Hackers have stolen call records from more than ten global Telecom providers as part of a massive-scale espionage attempt against at least 20 individuals, according to Israeli-US intelligence firm Cybereason.
An ongoing multi-year cyber attack campaign tied to China dubbed Operation Softcell has targeted 20 military and law enforcement officials in Asia, Europe, Africa, and the Middle East since 2012, according to the firm.
“This attack has widespread implications, not just for individuals, but also for organizations and countries alike. The use of specific tools and the choice to hide ongoing operations for years points to a nation-state threat actor, most likely China,” the firm stated.
Cybereason declined to name the individuals or the telecom firms targeted, citing privacy concerns but the sophistication of the attack was indicative of the government capabilities, according to Lior Div, Chief Executive Officer of Cybereason.
“For this level of sophistication, it’s not a criminal group. It is a government that has capabilities to do this kind of attack,” Div told Reuters.
The firm says it discovered the hacks after detecting unusual network traffic between computer and call-data record databases with activity dating as far back as 2012.
The suspected Chinese hackers used spear phishing and other tactics to infiltrate telecom companies, stealing log-in credentials and identifying accounts with access to servers containing the call records.
The hackers infiltrated smartphones by creating admin accounts and using VPNs, appearing as telecom employees and accessed phone records with users’ locations, logs of call, and text history.
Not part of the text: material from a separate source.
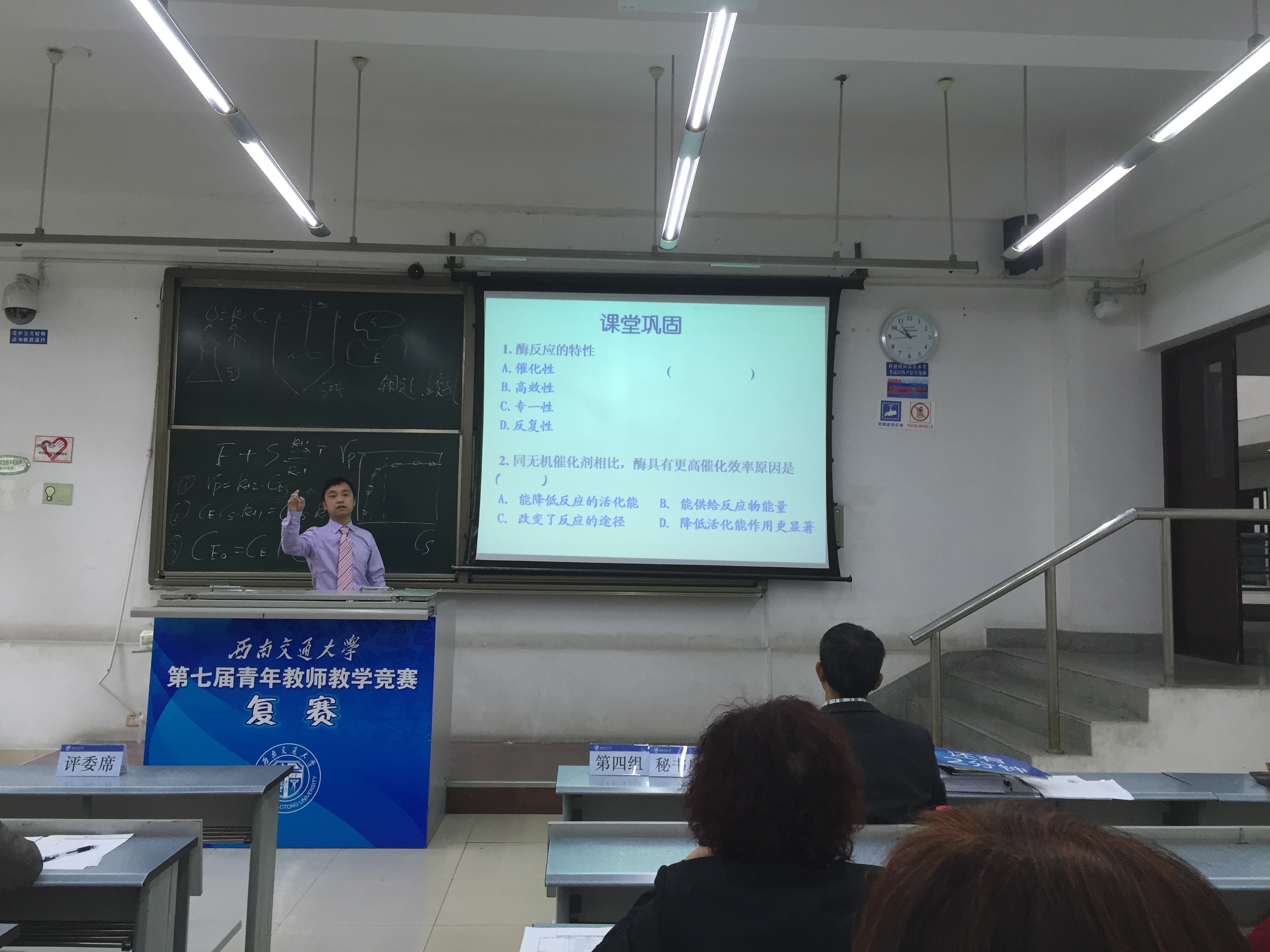 通过各系组织选拔赛和学院教学竞赛(初赛),最后选出四位优秀青年教师代表学院参加学校青年教师教学竞赛(复赛),他们是主讲《生物反应工程》的孟涛老师、主讲《药剂学》的万军老师、主讲《解剖生理学》的魏桂花老师和主讲《生物化学》(双语教学)的黄新河老师。通过不同的课程、多样的教学、学术的探讨和课堂的互动,四位青年教师在教学竞赛(复赛)中充分展示了生命学科的风采。学校教学竞赛(复赛)过程中,爱迪影视

According to Cybereason, the servers, domains and internet-protocol addresses came from China, Hong Kong, or Taiwan and gave hackers access to the carriers’ entire active directory, exposing hundreds of millions of users.
While Cybereason says it cant’ be wholly ruled out that a non-Chinese actor mirrored the attacks, it appears the cyber attacks may be linked to a notorious Chinese hacking group.
Chinese Hacking Group APT 10
The hackers’ digital activity and methods mimic those of Advanced Persistent Threat 10 (APT 10), a Chinese hacking group of which the U.S. Department of Justice indicted two members in December.
Members of the group have been indicted for accessing gigabytes of sensitive data from firms involved in the fields of aviation, space and satellite, manufacturing, pharmaceuticals, oil and gas exploration, communications, computer processor and maritime, according to the indictment.
Top targets of APT 10’s previous hacking campaign included NASA Goddard Space Centre and Jet Propulsion Laboratory and the U.S. Department of Energy’s Lawrence Berkeley National Laboratory.
Operation Softcell Reveals Vulnerability of 4G/ LTE Networks
The purpose of these attacks was to gather intelligence, rather than more traditional cybercrime motives such as gaining access to monetizable assets such as bank accounts or credit-card data, according to experts.
The fact that hackers efficiently targeted U.S. and global telecoms using existing 4G LTE networks reveal significant vulnerabilities which could come into play as the U.S. rolls out 5G networks nationwide.
“Beyond targeting individual users, this attack is also alarming because of the threat posed by the control of a telecommunications provider. Telecommunications has become a critical infrastructure for the majority of world powers. A threat actor with total access to a telecommunications provider, as is the case here, can attack however they want passively and also actively work to sabotage the network,” the firm said in a statement.